Establishes a Study Committee on Automation and the Workforce to assess the impact of automation technologies, including AI, on North Carolina's workforce, especially low-income and minority workers. Requires biennial reports with recommendations to the Governor and legislature.
Analysis summaries, actor details, and coverage mappings were LLM-classified and may contain errors.
This is a binding legislative act establishing a formal study committee with specific membership, duties, and reporting requirements. It uses mandatory language throughout and creates legal obligations.
The document has minimal coverage of risk domains, with brief mentions of workforce displacement (6.2) and inequality concerns (6.1, 6.2). The focus is on establishing a study committee rather than implementing specific risk mitigations. Coverage is limited to socioeconomic impacts of automation on workers.
This document establishes a study committee to examine automation's impact across North Carolina's workforce broadly, with particular emphasis on low-income and minority workers. While it mentions specific automation technologies, it does not govern specific sectors but rather studies automation effects across the entire state economy.
The document does not focus on specific AI lifecycle stages but rather on studying the impacts of automation technologies including AI across their deployment and operation. The emphasis is on monitoring workforce effects rather than technical development stages.
The document explicitly mentions artificial intelligence as one of several automation technologies to be studied. It does not define AI models, systems, or specific AI categories, but treats AI as part of broader automation technologies affecting the workforce.

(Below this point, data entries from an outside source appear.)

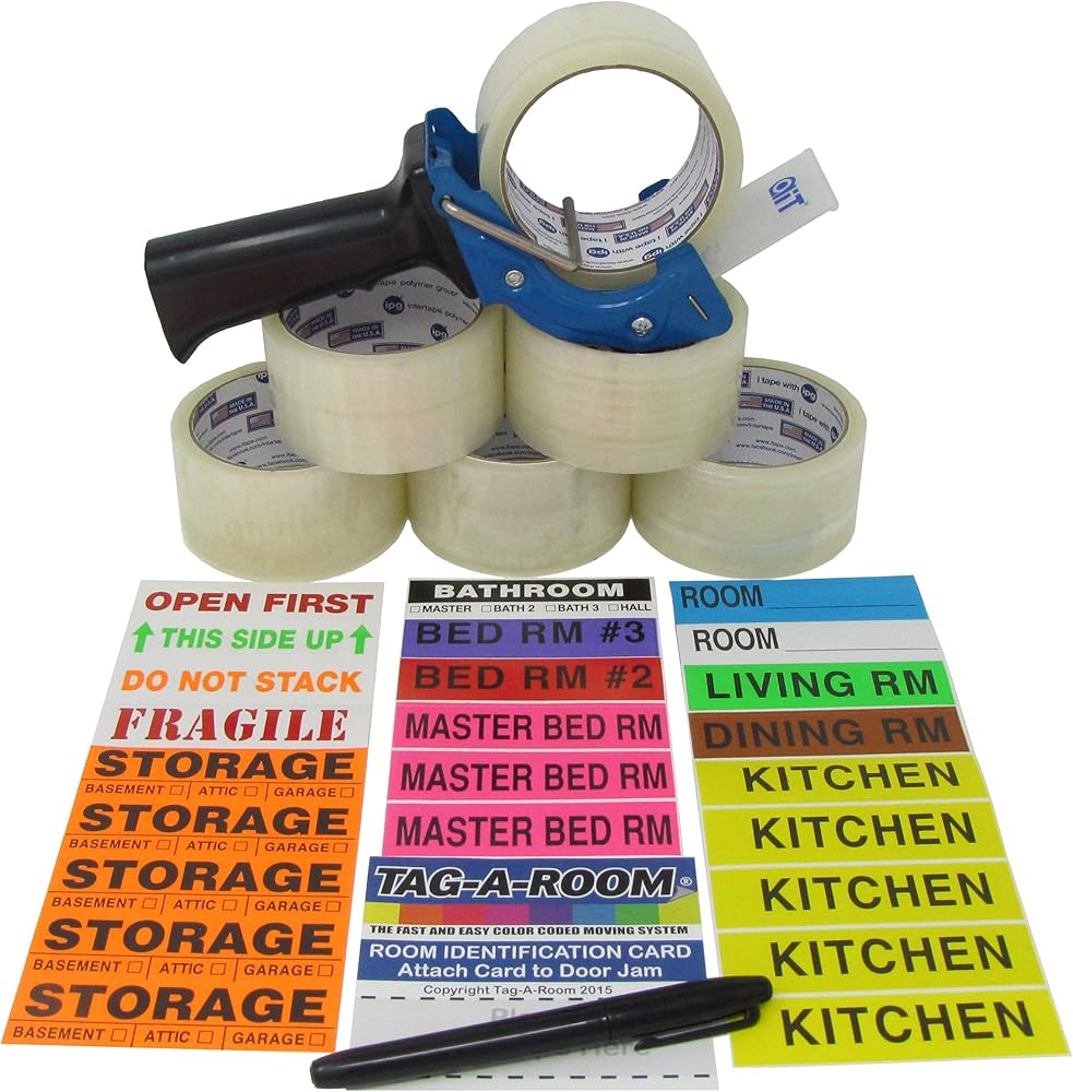 قم بتعبئة أمتعتك بشكل آمن باستخدام شريط التغليف القوي وموزع مسدس الشريط: تشتمل مجموعة التعبئة والتحريك الخاصة بنا على 6 لفات من شريط التغليف القوي وموزع مسدس شريطي مقاس 2 بوصة، مما يوفر كل ما تحتاجه لتعبئة ممتلكاتك بشكل آمن. ستحافظ هذه المواد عالية الجودة على صناديقك مغلقة بشكل آمن أثناء النقل، مما يضمن بقاء ممتلكاتك آمنة وسليمة.
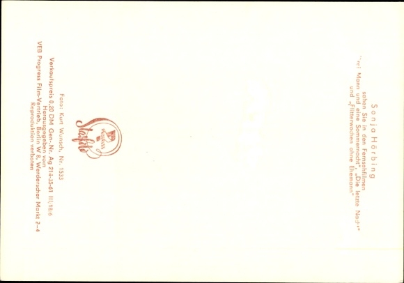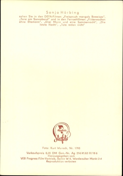 Ak Schauspielerin Sonja Hörbing, Freispruch mangels Beweises, Defa Film
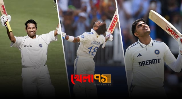 এমআরএফ স্টিকার লাগানো ব্যাট, চার নম্বর ব্যাটিং পজিশন, আর তিনটি নাম— শচীন, কোহলি এবং শুভমান গিল। যেন পৌরাণিক …
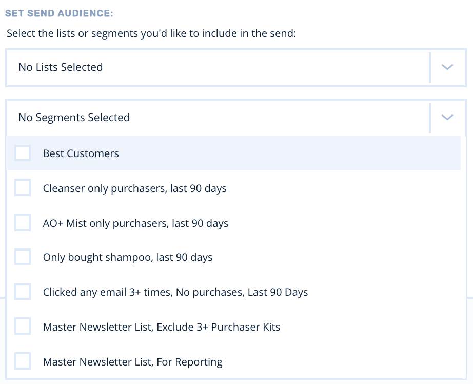 Start by building a new broadcast. You’ll notice an option to select a segment, in addition to selecting a list. You can select any combination of lists and segments and the platform will deduplicate prior to send:
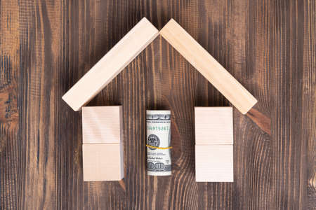 The concept of selling and buying real estate. Paper dollar bills rolled up inside a wooden house made of blocks, top view
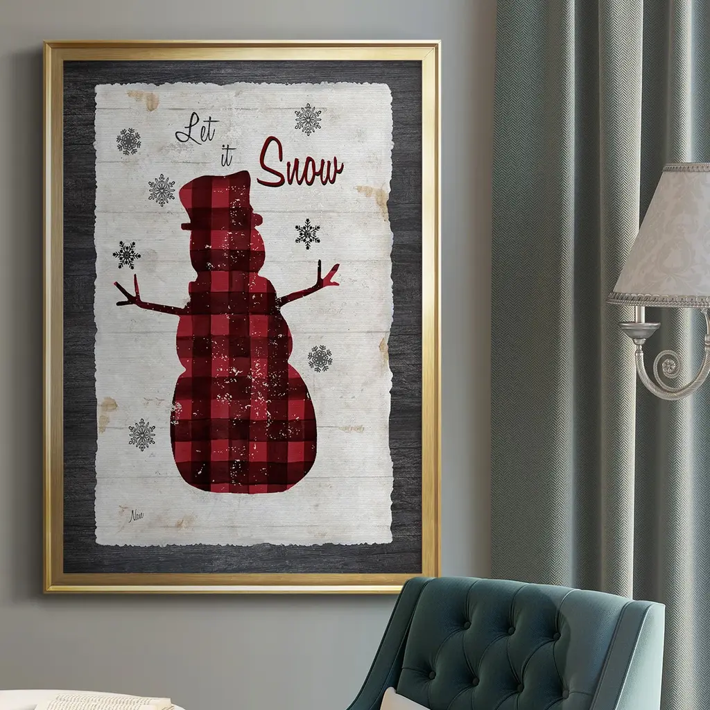 Checkered Snowman I Premium Framed Print - Ready to Hang A Premium Framed Print created to last. Framed in distressed wood and available in an array of sizes and colors Featuring a beveled a solid wood stretcher bar, each piece comes ready to hand 4 SIZES AVAILABLE 30.5''X42.5'' - Overall Size 26.5'X36.5'' - Overall Size 22.5''x30.5'' - Overall Size 18.5''x24.5'' - Overall Size Each piece is made to order. Each piece comes with hanging hardware. Made in the USA Ready to Hang
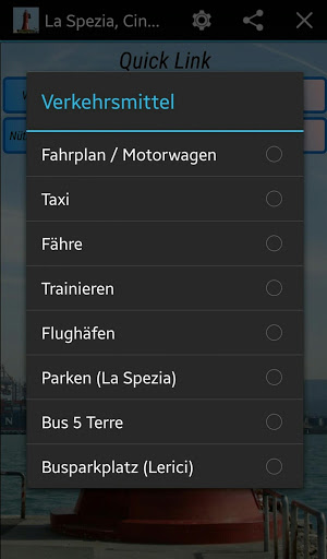 - Fortbewegung (zB Fahrpläne, Bus 5 terre, Fahrplan, Taxi)
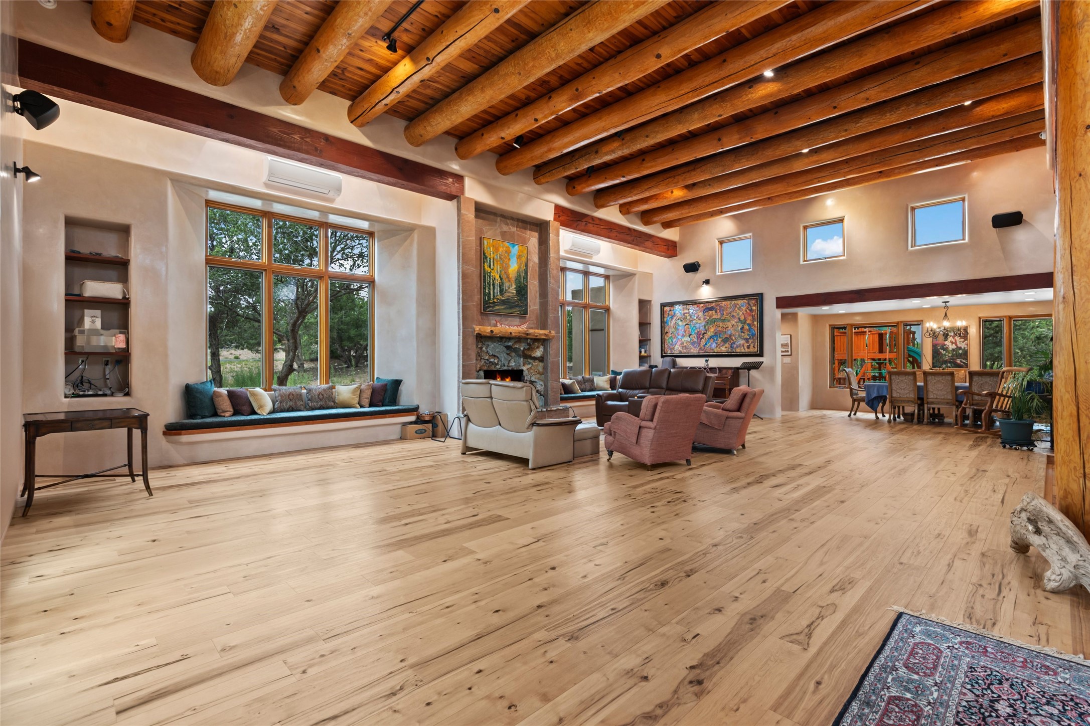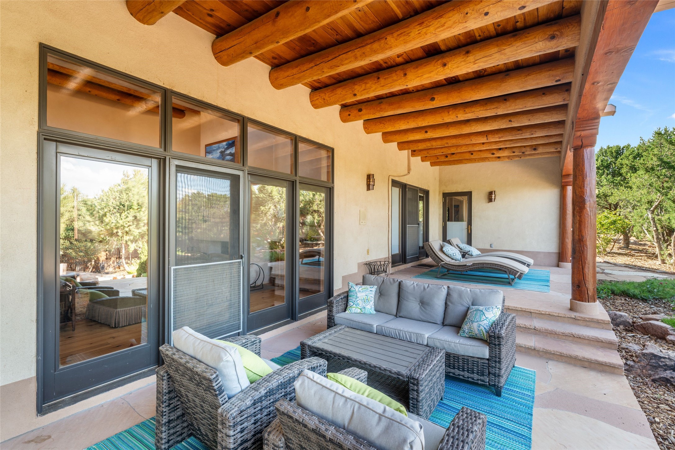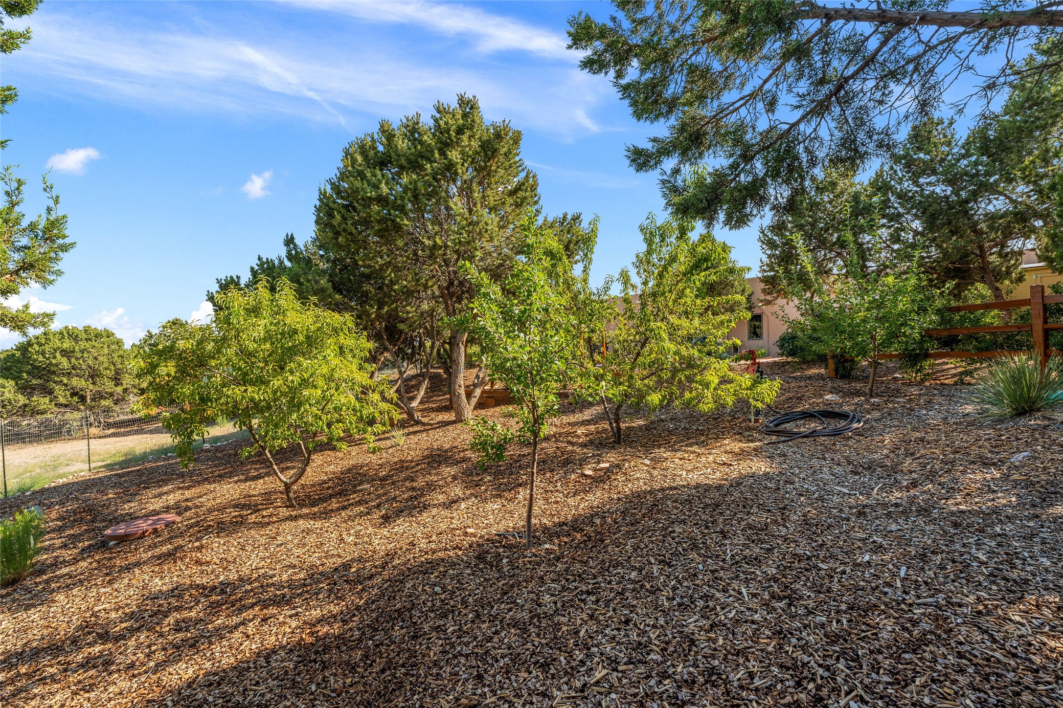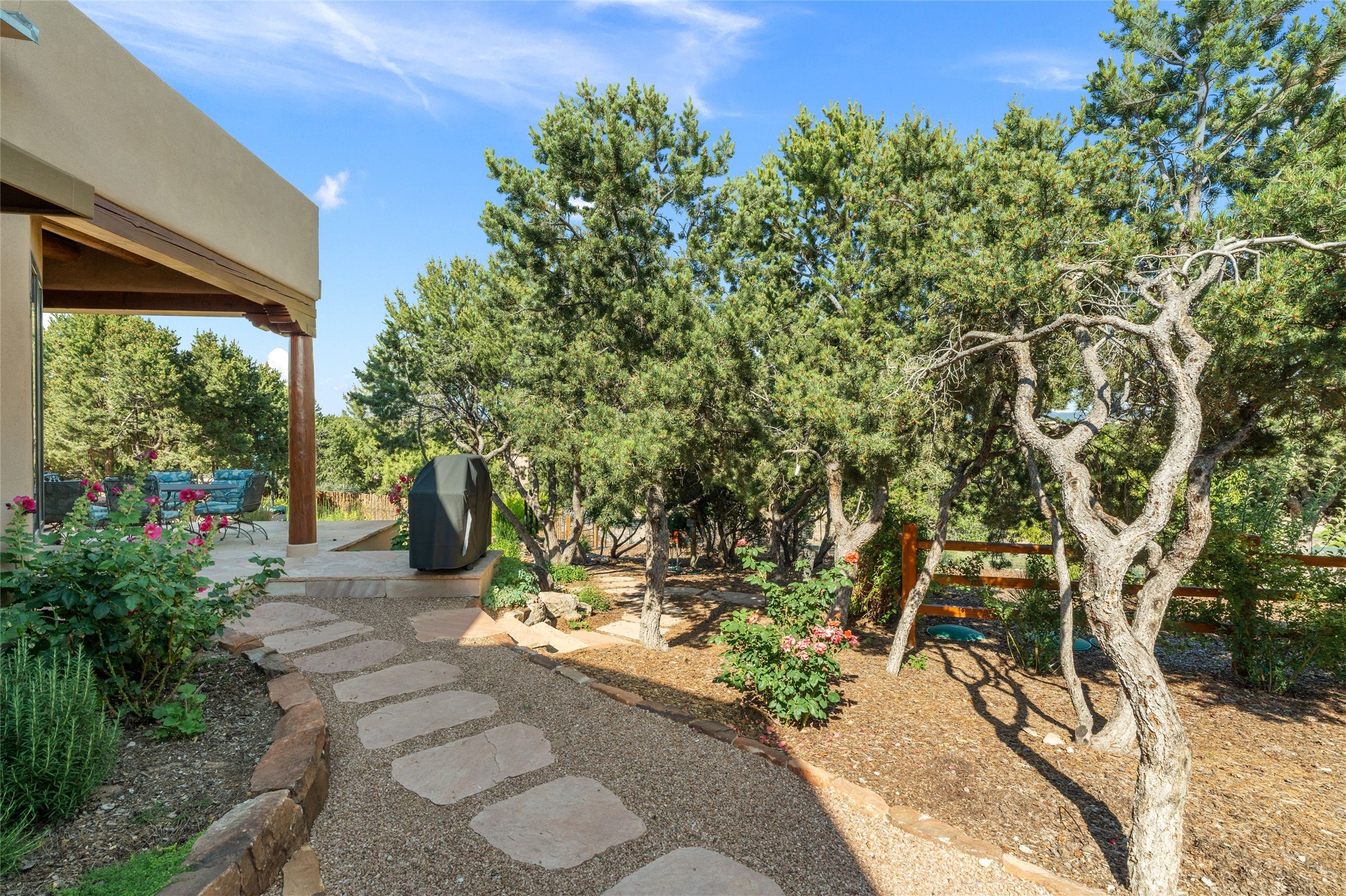 A true Santa Fe masterpiece, this luxurious estate seamlessly blends art, architecture, and nature on a serene 2.46-acre lot with breathtaking views of the Sangre de Cristo mountains. Designed for comfort, sustainability, and inspired living, this extraordinary property offers every amenity for the discerning homeowner.Notable features include double and single-car garages plus a large RV garage, ideal for car enthusiasts, adventure seekers or workshop. The 62-panel solar system and five 2,500-gallon interconnected buried cisterns support an eco-conscious lifestyle, while the extensive drip irrigation system nourishes a lush 1,000 sq. ft. irrigated vegetable garden, orchard (peach, apple, and plum trees), a berry patch bursting with blueberries, blackberries, and raspberries.Enjoy miles of hiking, biking, and horseback riding trails just across the street, or relax in your private oasis with green space bordering the eastern edge of the property, a tranquil water feature with Koi pond, and multiple covered outdoor entertaining spaces, including a plumbed gas fire pit and a fully insulated hot tub.Inside, comfort and luxury abound with radiant floor heating throughout, mini-split systems for cooling, and a security system with cameras. The heart of the home is the spectacular Great Hall, anchored by a gas fireplace, and offering soaring ceilings and an atmosphere of timeless elegance and opening to outdoor spaces. Additional highlights include a top-of-the-line chef's kitchen, butler's pantry, and a quilting/art studio.The estate also includes a charming 2-bedroom guest house and a spacious 2-bedroom studio, also with Sangre de Cristo mountains views. Perfect for guests, extended family, or creative workspaces.There is ample parking for guests and extra vehicles, this estate is ideal for entertaining or enjoying peaceful privacy and solitude. A rare opportunity to own a truly magical home that celebrates the best of indoor-outdoor living in Santa Fe.

Senators Salvador, Lowe, and Murdock; General Assembly of North Carolina
The bill is sponsored by three named senators and enacted by the North Carolina General Assembly, which is the state legislative body with authority to create laws and study committees.
Governor of North Carolina; Joint Legislative Commission on Governmental Operations
The Governor has authority to remove committee members for misconduct and receives reports. The Joint Legislative Commission on Governmental Operations receives biennial reports from the committee.
Study Committee on Automation and the Workforce; Governor of North Carolina; Joint Legislative Commission on Governmental Operations
The Study Committee is explicitly tasked with reviewing and monitoring the effects of automation on the workforce and submitting biennial reports to the Governor and legislature.
employers; trade organizations focused on the automated workplace; low-income workers; minority workers
The study committee will examine automation technologies including AI and their impact on North Carolina's workforce, particularly low-income and minority workers. Employers and trade organizations are explicitly mentioned as stakeholders to be represented on the committee.